Students and staff at Elk Island Public Schools (EIPS) celebrated Ribbon Skirt-Shirt Day on Wednesday (Jan. 7).

“The purpose is for Indigenous staff and students to proudly wear their ribbon skirts and ribbon shirts to show pride in their culture and increase visibility within Division spaces,” said Cheryl Devin, a First Nations, Métis and Inuit Education consultant at EIPS. “For allies that have been gifted ribbon shirts or skirts, it’s an opportunity for them to show solidarity as well.”

There were several events leading up to Ribbon Skirt-Shirt Day, with EIPS holding a workshop for Indigenous students on January 30 and 31.

“This day reminds us that before we look to judge, we should first seek to understand. By doing so, we foster learning and working environments that showcase diversity in the most vibrant and beautiful ways, just like the different colours, patterns and fabrics of ribbon skirts and shirts,” said Cathy Allen, board chair of EIPS.

The first National Ribbon Skirt Day was held back in 2023 when Isabella Kulak wore a ribbon skirt to her elementary school’s formal dress day.

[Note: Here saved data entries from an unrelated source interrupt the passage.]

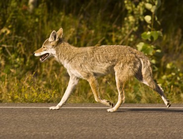 • Wyoming: Coyote crossing the road with traffic in Yellowstone National Park. ©David R. Frazier / The Image Works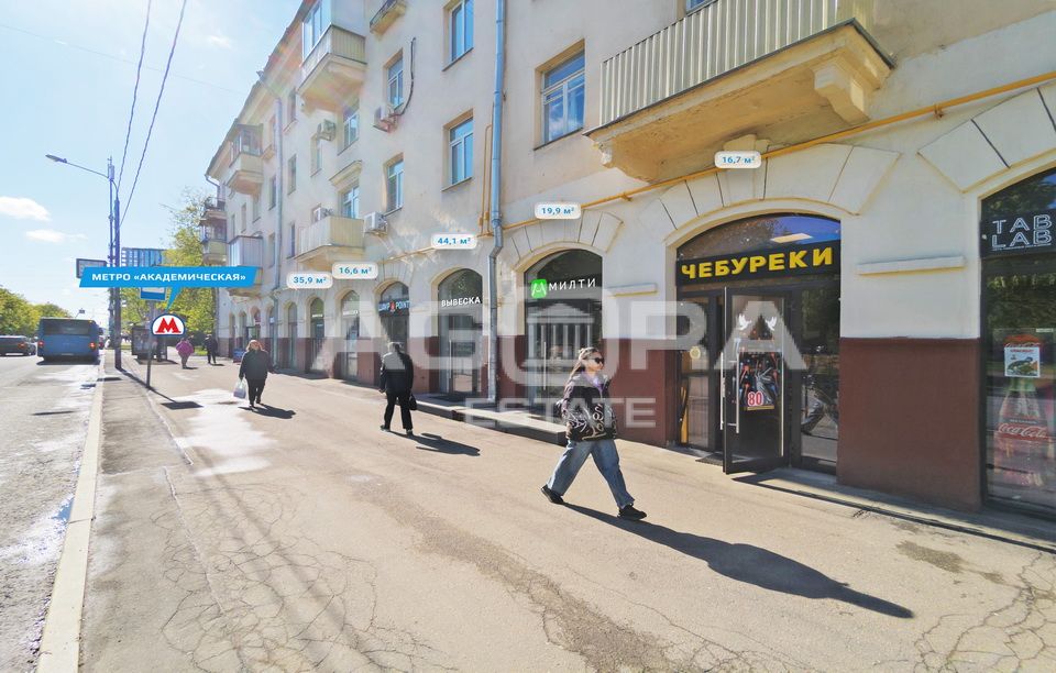 Помещение расположено у входа/выхода из метро Академическая. ЮЗАО.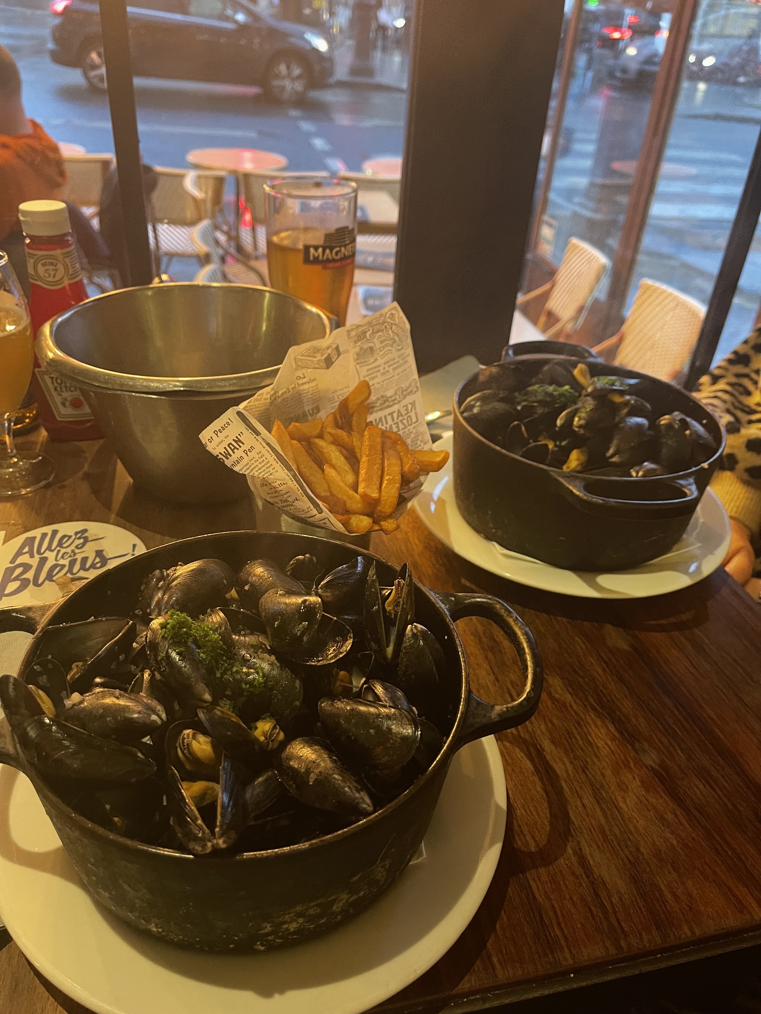A fuir !!!!! Par où commencer ? Les moules pas fraîches qui me vaut une INTOXICATION ALIMENTAIRE ou la malhonnêteté du serveur ?! Nous sommes allés prendre un verre mon amie et moi même. J’ai ensuite commandé des moules à la crème ! Le serveur arrive avec deux plats de moules en nous disant que nous avions passé commande pour deux plats. Il n’en est rien puisque mon amie n’aime pas les moules. Nous lui disons que nous n’en voulons pas il nous dit qu’il a mal compris et que de toute manière il ne pourra pas nous rembourser !! Tant pis pas de scandale ... je mange donc mes moules ( qui au passage sont toutes petites et sans goût mais j’ai faim) avec les frites CONGELÉS qui sont censées être fraiches et faites maison ! L’addition arrive 50€ pour deux verres dont un coca et deux moules dont une non commandées !! Je paye tant pis. Je ne comptais pas mettre d’avis négatif jusqu’à aujourd’hui mon mal de ventre horrible mes vomissements et mes heures passées aux urgences !!!!! A FUIR SI VOUS NE VOULEZ PAS TOMBER TRÈS TRÈS MALADE !!!! Nul. Si je pouvais mettre zéro étoile je l’aurais fait !!!!!!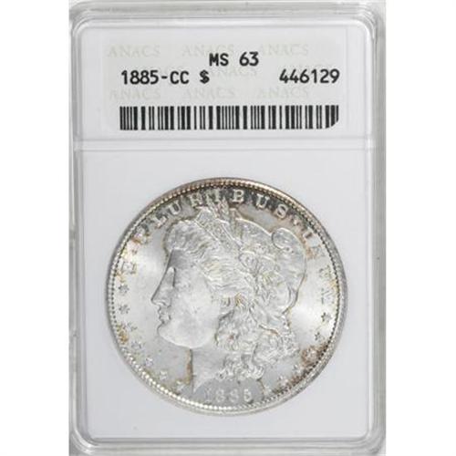 <B>1885-CC $1 MS63 ANACS.</B></I> . NGC Census: (1496/4482). PCGS Population (3594/10236). Mintage: 228,000. Numismedia Wsl. Price for NGC/PCGS coin in MS63: $545. (#7160)<BR><BR><B>Coin Engraver:</B> George T. Morgan<BR><BR><b>Shipping:</b> Coins & Currency (<a target="_blank" href="http://www.heritageauctions.com/common/shipping.php">view shipping information</a>)
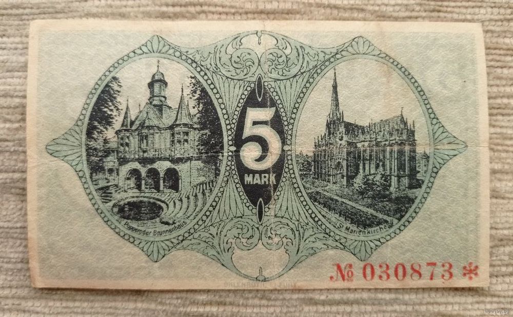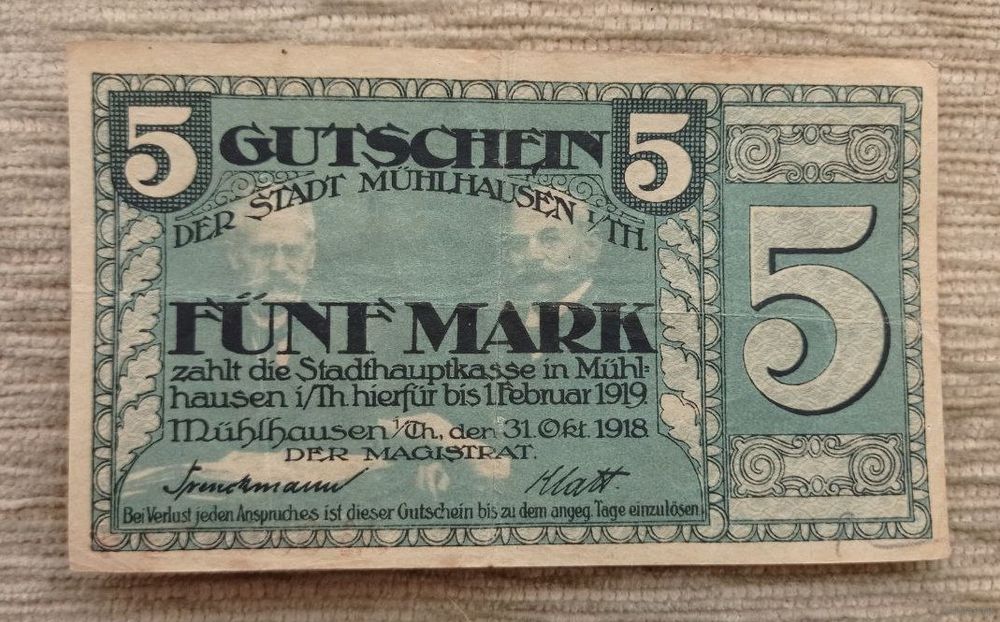 Werty71 Германия 5 марок 1918 банкнота Мюльхаузен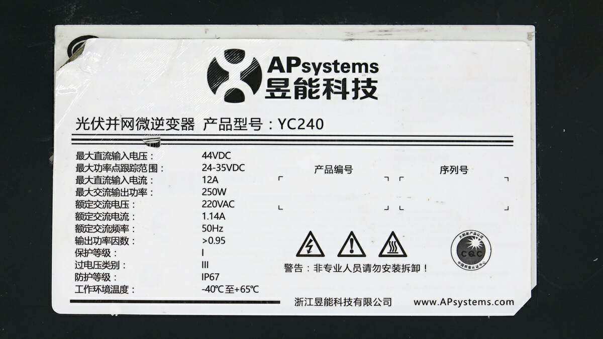 昱能科技是一家组件级电力电子设备提供商,产品包括微型逆变器,组件级关断器和储能系统。之前拆解过一款组件级快速关断器。充电头网这次淘到了一款昱能科技推出的光伏并网微逆变器YC240,这款逆变器最大输出功率为250W,输出电压为220V。直流最高输入电压为44V,支持24-35V最大功率跟踪,最大输入电流为12A。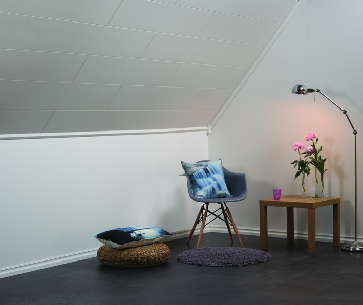 Huntonit prepainted ceiling consists of the same material as the Huntonit wall panel. Down lights may be installed in all our ceiling panels. Huntonit ceiling is adapted for mounting in both dry and wetrooms provided that the ceiling height is normal and the ventilation is good.

Kulak was shamed for her skirt and told that it didn’t count as formal dress.

This is what led to the Canadian Government acknowleding the cultural significance of the ribbon skirt and recognizing January 4 as National Ribbon Skirt Day.

Although the day is usually held in January, it was pushed back at EIPS schools due to the day falling on their winter break.

EIPS Students wearing ribbon skirts.